A specific example of the first solvent according to the present invention is preferably at least one selected from a group consisting of methyl-3-methoxy propionate, ethyleneglycol methylether, ethyleneglycol ethylether, ethyleneglycol diethylether, dibutylether, ethylpyruvate, propyleneglycol methylether, propyleneglycol methylether acetate, n-butylacetate, isobutylacetate, amylacetate, isoamylacetate, butylpropionate, isoamylpropionate, ethylbutyrate, propyl butyrate, methyl-3-methoxyisobutyrate, methylglycolate, methyl lactate, ethyl lactate, methyl-2-hydroxyisobutyrate, ethylethoxyacetate, 2-methoxy ethylacetate, ethyleneglycolmethyletheracetate, 2-ethoxyethylacetate, dibutylether, cyclopentanone, cyclohexaneone, 2-hexaneone, 3-hexaneone, 5-methyl-2-hexaneone, 2-heptanone, 3-heptanone, 4-heptanone, 2-methyl-3-heptanone, 1-methoxy-2-propanol, ethyl-2-hydroxy propionate, and ethyl-3-methoxy propionate, but any component belonging within the above temperature range can be used.
A specific example of the second solvent according to the present invention is preferably at least one selected from a group consisting of 2-methoxy ethylether, 3-methoxybutylacetate, 2-ethoxyethyl ether, 2-butoxyethanol, 3-ethoxy-propanol, diethyleneglycoldodecylether, dipropyleneglycolmethylether, 2,6-dimethyl-4-heptanone, 2-octanone, 3-octanone, 3-nonanone, 5-nonanone, 4-hydroxy-4-methyl-2-pentanon, 2-methylcyclohexaneone, 3-methylcyclohexaneone, 4-methylcyclohexaneone, 2,6-dimethylcyclohexaneone, 2,2,6-trimethylcyclohexaneone, cycloheptanone, hexylacetate, amylbutyrate, isopropyl lactate, butyllactate, ethyl-3-hydroxybutyrate, ethyl-3-ethoxypropionate, ethyl-3-hydroxy butyrate, propyl-2-hydroxy-propionate, propyleneglycoldiacetate, propyleneglycolbutylether, propyleneglycol methylether propionate, diethyleneglycol dimethyl ether, diethyleneglycol dimethyl ether acetate, dipropyleneglycolmethylether, dipropyleneglycoldimethylether, ethyleneglycolbutylether, diethyleneglycolmethylethylether, ethyleneglycolmethylisopropylether, diethyleneglycoldiethylether, butylbutyrate, ethyl-3-ethoxypropionate, diethyleneglycolmonomethylether, 4-ethylcyclohexaneone, and 2-butoxyethylacetate, but any component belonging within the above temperature range can be used.

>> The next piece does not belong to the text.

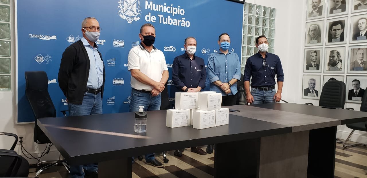 Representantes da Tubarão Saneamento visitaram o prefeito Joares Ponticelli na tarde desta terça-feira (19), para um ato que contribui com o enfrentamento da pandemia da Covid-19 na cidade. A empresa, concessionária dos serviços de água e esgoto em Tubarão, fez a doação de 450 testes rápidos, para serem empregados na testagem da população para o novo coronavírus.

A specific example of the third solvent according to the present invention is preferably at least one selected from a group consisting of diethyleneglycolmonoethyl ether, butyrolactone, hexylbutyrate, diethyleneglycolmethyletheracetate, diethyleneglycolbutyl methyl ether, tripropylglycoldimethyl ether, triethyleneglycoldimethylether, diethyleneglycolethyletheracetate, diethyleneglycolbutyletheracetate, 3-epoxy-1,2-propanediol, ethyl-4-acetyl butyrate, diethyleneglycolmonobutylether, tripropylglycolmethyl ether, diethyleneglycol, 2-(2-butoxyethoxy)ethylacetate, catechol, triethyleneglycol methyl ether, diethyleneglycoldibutylether, triethyleneglycol ethylether, diethyleneglycolmonohexylether, triethyleneglycol butyl methyl ether, triethyleneglycolbutylether, tripropylglycol, and tetraethyleneglycoldimethylether, but any component belonging within the above temperature range can be used.
The first solvent, the second solvent, and the third solvent constituting a solvent of the present invention are an aliphatic compound selected from a group consisting of alkyl ester, alkyl ketone, alkyl ether, and alkyl alcohol, and it is preferable to use solvents having polarity in consideration of a dispersion property of a pigment included in a black matrix composition, and because an aromatic solvent including a benzene ring has no polarity, a pigment dispersion property may be undesirably deteriorated.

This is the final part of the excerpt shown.